然而,隆美爾西裡斯這張臉,的確很適合演青春校園電影的男主。
極度危險,而又容易讓剛進入校園的女主沉迷……起碼在英俊程度之上,陳之文看了很多這個年齡段在利城的影視圈有了些小名氣的男星,他們都比不上隆美爾西裡斯給予他的觀感。
單憑臉和身材,陳之文的確是很喜歡他。
看著陳之文的神情,隆美爾西裡斯嘴角揚起了一抹笑,“當然。”
也許是出身於政客家族的原因,他的演技很不錯,起碼應付一部青春校園電影是綽綽有餘了。
尤其在揚起這樣溫和的假笑時,風度足夠迷人。
隻可惜,那雙冷灰色的眼裡帶著滾燙熱度的情緒,讓人想到的卻是一頭凶猛的獅子。
“到時候對著鏡頭前,可不能露出這樣的眼神。”陳之文笑了笑,把手輕輕的放在了對方的眼睫之上。
感受到臉上手指的溫度,隆美爾西裡斯的眉頭微微一挑。
他伸手捉住了陳之文的手腕,用力的摩挲著,湊近了陳之文,似乎是要吻他。
陳之文拿起了劇本,像是在為演員講戲一般帶著笑容側過了頭,聲音之中卻透著一分冷硬的意味。
“注意點分寸,隆美爾,這裡可是片場。”
數十部攝影機就在他們的旁邊,工作人員交談的聲音無比的清晰。
更何況陳之文字來就是眾人的焦點。
“就算被拍到了又如何?”
隆美爾西裡斯握著陳之文的手腕更用力了幾分,將嘴角可以揚起的笑容放平,那張英俊的臉上露出了他原本的冷漠神情,“你可彆忘了,你現在纔是利城知名的大導演,所有的曖昧的小道訊息,都會指向你。”
他的聲音更低了幾分。
“換句話說,就算我真的在片場吻了你,也隻會對你產生影響。”
陳之文皺了皺眉頭,扯了扯嘴角,那雙桃花眼中揚起了些笑意,卻帶著危險的氣息,“隆美爾,你可彆太過分。”
“玩笑開一半,也就算了。”陳之文淡淡的說道。
將擋著他們麵龐的劇本放下,隆美爾西裡斯突然出聲問道,“那個人,怎麼不在?”
“誰?”陳之文皺了皺眉。
整個劇組裡的演員,除了女主林諾然和隆美爾西裡斯以外,大多數的人都到了,隻有謝利爾並不在。
“就是那個跟你打電話,你於心不忍的例外。”隆美爾西裡斯扯了扯嘴角,臉上透露出了一絲似笑非笑的弧度。
——於心不忍的例外?
話說到這個份上,陳之文自然知道對方暗指的是誰。
——謝利爾。
“今天主要壓縮的戲份是你和林諾然的,他自然不用來。”
陳之文勾了勾唇,“怎麼,你很期待他?他的確比你聽話的多,當我吻他耳垂的時候,反應的模樣也很可愛。”
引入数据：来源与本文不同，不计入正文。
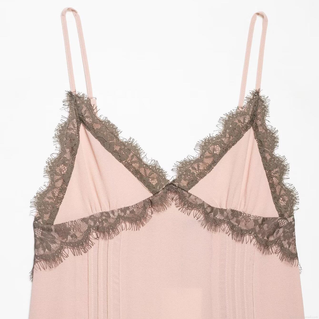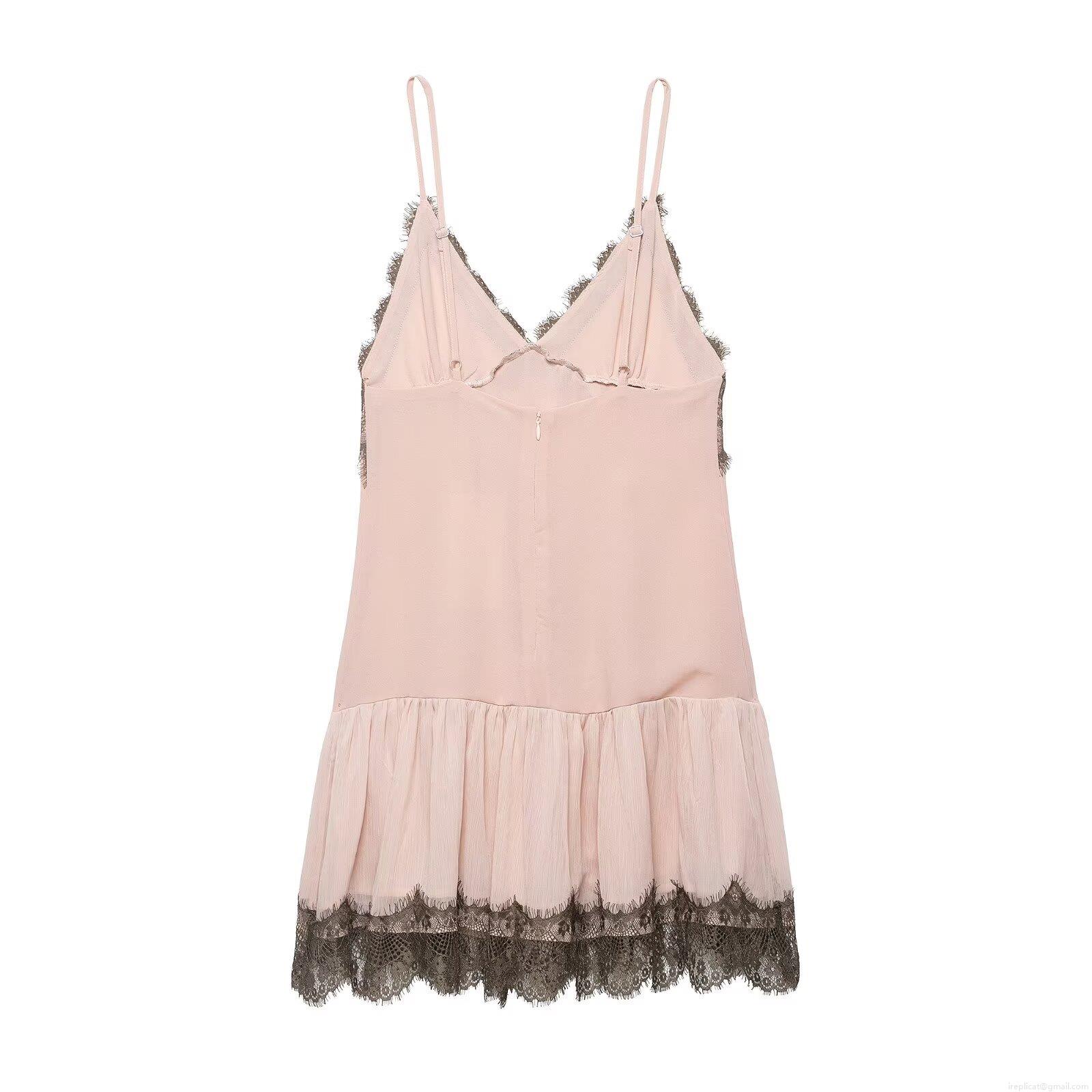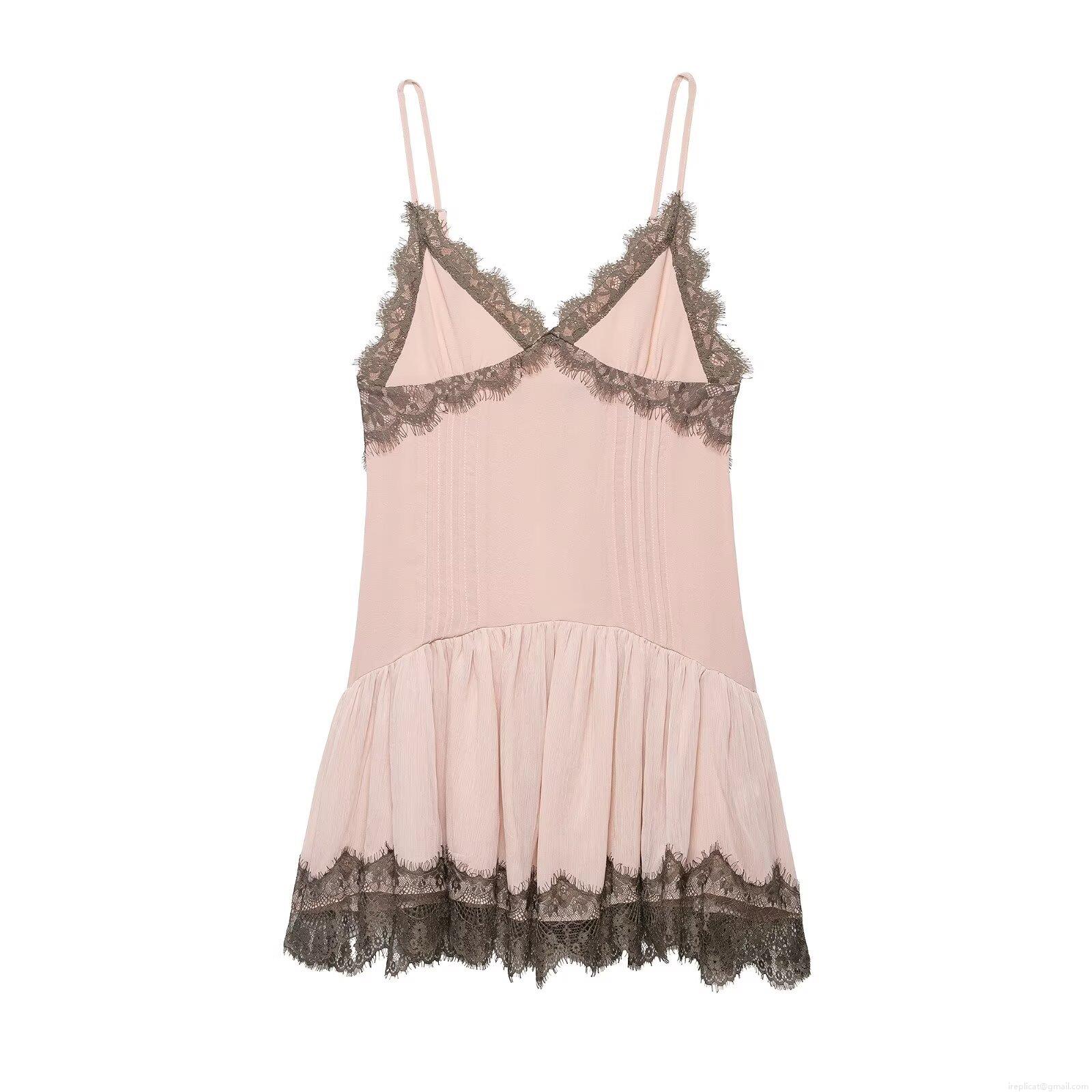 • Women's Sexy Mini Dress Lace Patchwork Spaghetti Strap V Neck Sleeveless Backless High Waist Pleated Short Dress For Party Clubwear Sweet Pink Lolita Style Summer Dress

聽著陳之文似乎是帶著挑釁意味的話語,隆美爾西裡斯低低的笑了笑,湊近了陳之文的耳垂。
他終究是冇有吻他,還算是知道這裡是片場。
“幸好他不在。”
隆美爾西裡斯輕聲說道,“否則,我真的會當著他的麵,乾.死你。”
“我可不希望你的身邊有什麼例外,陳,除了我。”
那視線之中陰涼的就像是皮膚滑膩的蛇。
彷彿下一秒,這頭蛇就會在瞬間纏繞住陳之文的脖頸,發出嘶嘶的危險聲音。
——————
另一邊。
公海上,迷人的日光輕輕的灑下,一艘名為鑽石王冠號的船停靠在海麵之上。
觥籌交錯的酒杯折射出了迷人的光暈,這是西裡斯家族的族長和自己的所謂的老朋友們的一次社交性的酒會。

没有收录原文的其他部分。